Medicare and prescription drug facts
  • Eight in 10 Medicare beneficiaries use prescription drugs regularly.
  • With 33 million enrollees, traditional Medicare does not have a prescription drug benefit.
  • 13 million Medicare beneficiaries lack any kind of prescription drug coverage.
  • The prices of the 50 prescription drugs most used by the elderly have risen more than four times the 1998 inflation rate.

  • Source: The Kaiser Family Foundation

    Competing plans

    There are several similarities in the prescription drug plans proposed by Bush and Gore. For example, both would offer free coverage to the poorest seniors and partial subsidies to those with higher incomes.

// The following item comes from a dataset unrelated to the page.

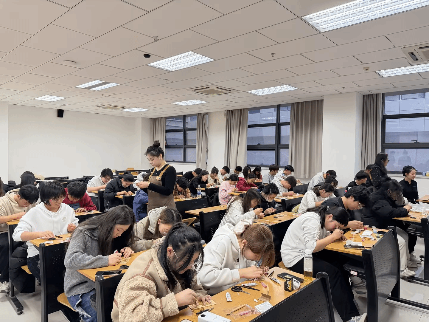为丰富学生校园文化生活,传承中华优秀传统文化,培育学生的工匠精神与审美素养,11月26日石油化学工程分院组织了掐丝珐琅手工体验活动,60余名学生积极参与,在指尖创作中感受传统工艺的独特魅力。活动伊始,指导老师详细讲解了掐丝珐琅的历史渊源、工艺特点及制作流程,从金丝的裁剪、弯折、粘贴,到釉料的调配、填充、晾干,每一个步骤都进行了细致演示,同学们听得聚精会神,跃跃欲试。 活动现场在实践环节,大家按照指导有条不紊地操作,...

    The differences develop over the size of the subsidy and the delivery of the benefits. Should prescription drug coverage come via the 35-year-old Medicare program or through private insurers?

    Gore's plan, which would cost $253 billion over 10 years, would rely on the federal government to oversee a prescription drug benefit for all Medicare recipients. Currently, Medicare beneficiaries have no drug benefits unless they are enrolled in a Medicare+Choice HMO or have purchased supplementary insurance. Medicare beneficiaries spend an estimated $20 billion a year on supplementary insurance, according to the Health Insurance Association of America, a Washington, D.C., trade organization.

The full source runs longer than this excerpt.